May 2, 2022
By Don Sapatkin
Good Monday morning, MindSite News readers. May is National Mental Health Awareness Month. To spread awareness, forward this newsletter to a friend. Meanwhile, read on for stories about how researchers hope to reduce child mortality by focusing on mothers’ mental health, why Black grief extends far beyond the deaths of loved ones to the losses and trauma that have affected an entire community, and how you can avoid being a bystander when watching a bully in action.

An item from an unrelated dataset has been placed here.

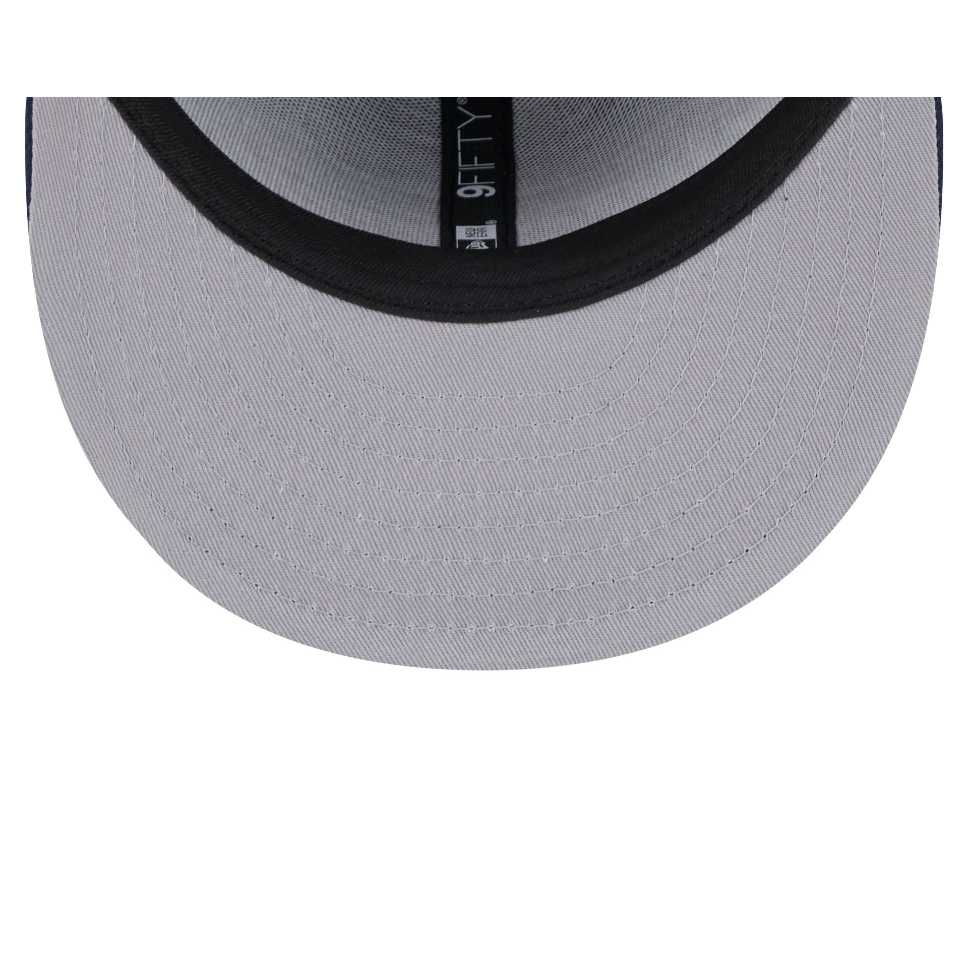 The Denver Nuggets Kids 9FIFTY Snapback Hat features an embroidered Nuggets wordmark at the front panels with a matching team logo at the right-wear side. Additional details include a gray undervisor and a snapback closure at the rear.

April 30 was International Day to End Corporal Punishment of Children, and MindSite News reporter Laurie Udesky took a look at some pronounced racial disparities in corporal punishment in U.S. schools: Black children remain far more likely to get paddled in the 19 states that still allow the infliction of physical pain against children in public schools. Udesky’s reporting included an interview with a hero of the civil rights movement who, as a teenager integrating a Mississippi high school in 1966, faced violent mobs. Today, she helps Black children in Grenada, Mississippi, deal with disciplinary charges the district brings against them and supports a Mississippi coalition working to help ban school corporal punishment nationwide.
MINDSITE NEWS ORIGINALS
‘Corporal Punishment is Violence’: Black Communities Vow to Ban School Paddling
On a Tuesday morning three years ago, Julia Ringo discovered her daughter was in terrible pain. Examining her, Ringo looked in shock at a mass of bruises and swelling on her daughter Kiorey’s buttocks, a day after the 8-year-old Black girl had been paddled with a wooden board at an elementary school in Grenada, Mississippi.

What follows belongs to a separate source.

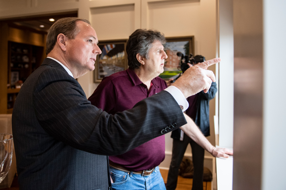 MSU President Mark E. Keenum and new head football coach Mike Leach enjoy the view of the Drill Field from Keenum’s Lee Hall office. Keenum explained some of MSU’s unique attributes to Leach before the two-time national coach of the year held his introductory press conference in January.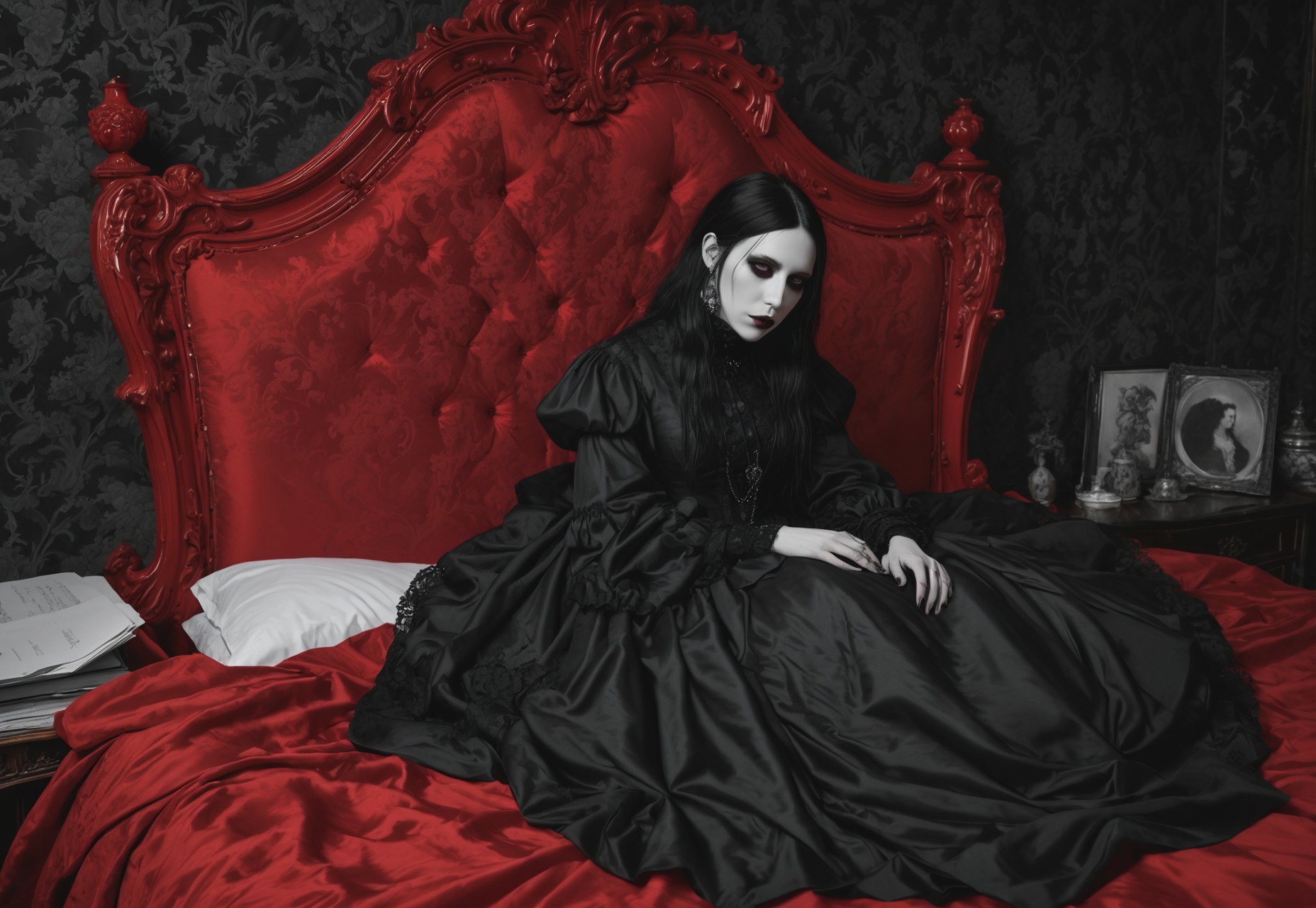 score_9, score_8_up, score_7_up, score_6_up, Blame! by Tsutomu Nihei the goth-queen chelsea wolfe is laying in a red baroque bed filled with sheets, eyes closed, grinning in the camera easynegative, ng_deepnegative_v1_75t, 8k, highly detailed,

Ringo rushed her daughter to the emergency room and told the attending doctor what had transpired. “As soon as he looked at her behind, it was like he couldn’t even look at it,” she says, breaking down in tears. “He just took a deep breath, felt on her butt to see was it swollen. She was screaming.” Kiorey’s injuries were so severe, Ringo said, that she had to stay home the rest of the week.

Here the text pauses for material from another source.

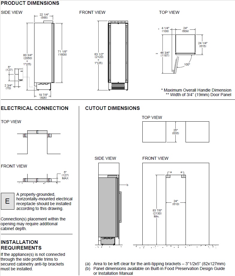 Διαστάσεις εντοιχισμού (ΥxΠxB) 213,0 (ελάχ.) x 61,0 x 63,5 εκ. το πάνελ επιλογής σας θα πρέπει να έχει μέγιστο βάρος 34 κιλά και πάχος 19-28χιλ.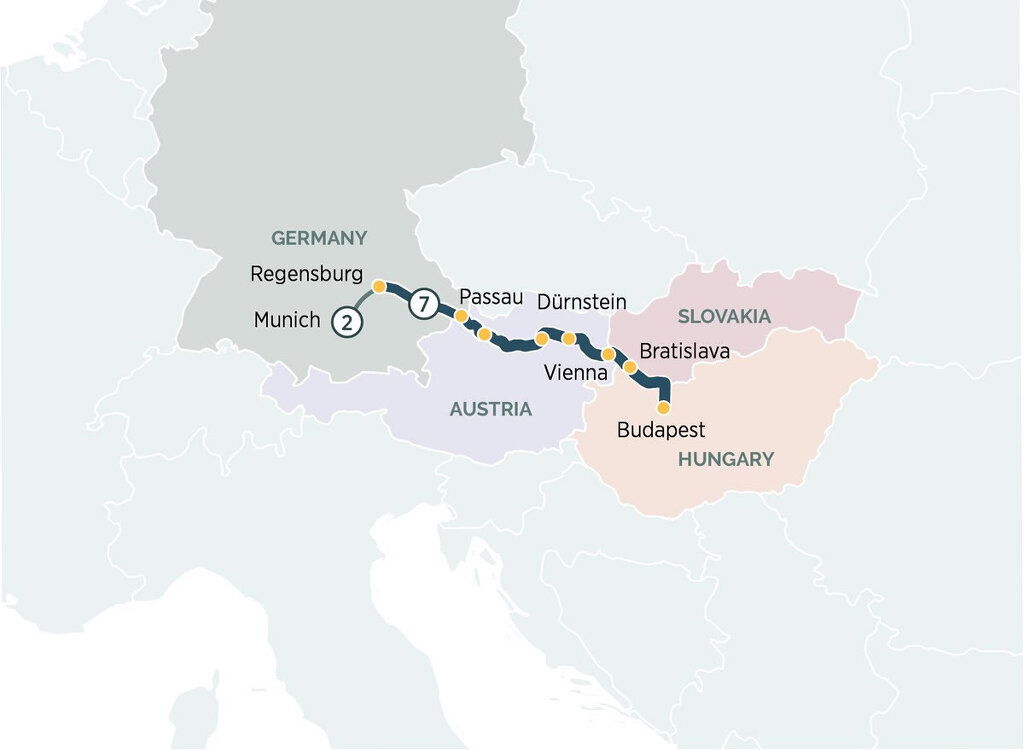 Explore the medieval centre of Regensburg with your insightful local guide. Stroll along the cobblestone streets, passing the patrician houses of the UNESCO World Heritage-listed Old Town, and stop by to sample traditional Bavarian sausages, a delicious local specialty. Alternatively, join a guided bike tour to the Walhalla monument, which towers high above the banks of the Danube. From here, you can admire a panoramic view of the river and surrounding scenic landscape. (B/L/D)

Ringo also reached out to someone else: Diana Freelon-Foster, a lifelong resident of Grenada. In 1966, as a 15-year-old high school student, Freelon-Foster helped integrate the Grenada public schools. “The principal sent me and other students into a sea of angry white men who had bricks and pipes and stones” to vent their wrath over the school’s integration, Freelon-Foster told MindSite News.

Today, as the founder and director of Activists with a Purpose Plus, based in Grenada, Freelon-Foster advocates for students at school disciplinary hearings. She also served as mayor of Grenada in 2004 and 2005. To her, the beatings and disproportionate use of force against Black children like Kiorey, even today, is a continuation of the historical racial violence that has been perpetrated against Blacks starting in the days of slavery. “For me, corporal punishment is violence,” she said. “How can corporal punishment be thought of as reasonable?” Read the rest of this story here.
NEWS FROM AROUND THE WEB
To reduce childhood mortality worldwide, help mothers – and address their mental health
Despite huge improvements in public health in developing countries, more than 5 million children under 5 still died in 2020 – nearly half of them within six months after being discharged from the hospital, according to new research that looked at their medical conditions and their families’ social and economic situations. The authors pointed to some low-cost solutions that could make a big difference, and most of them involve mothers.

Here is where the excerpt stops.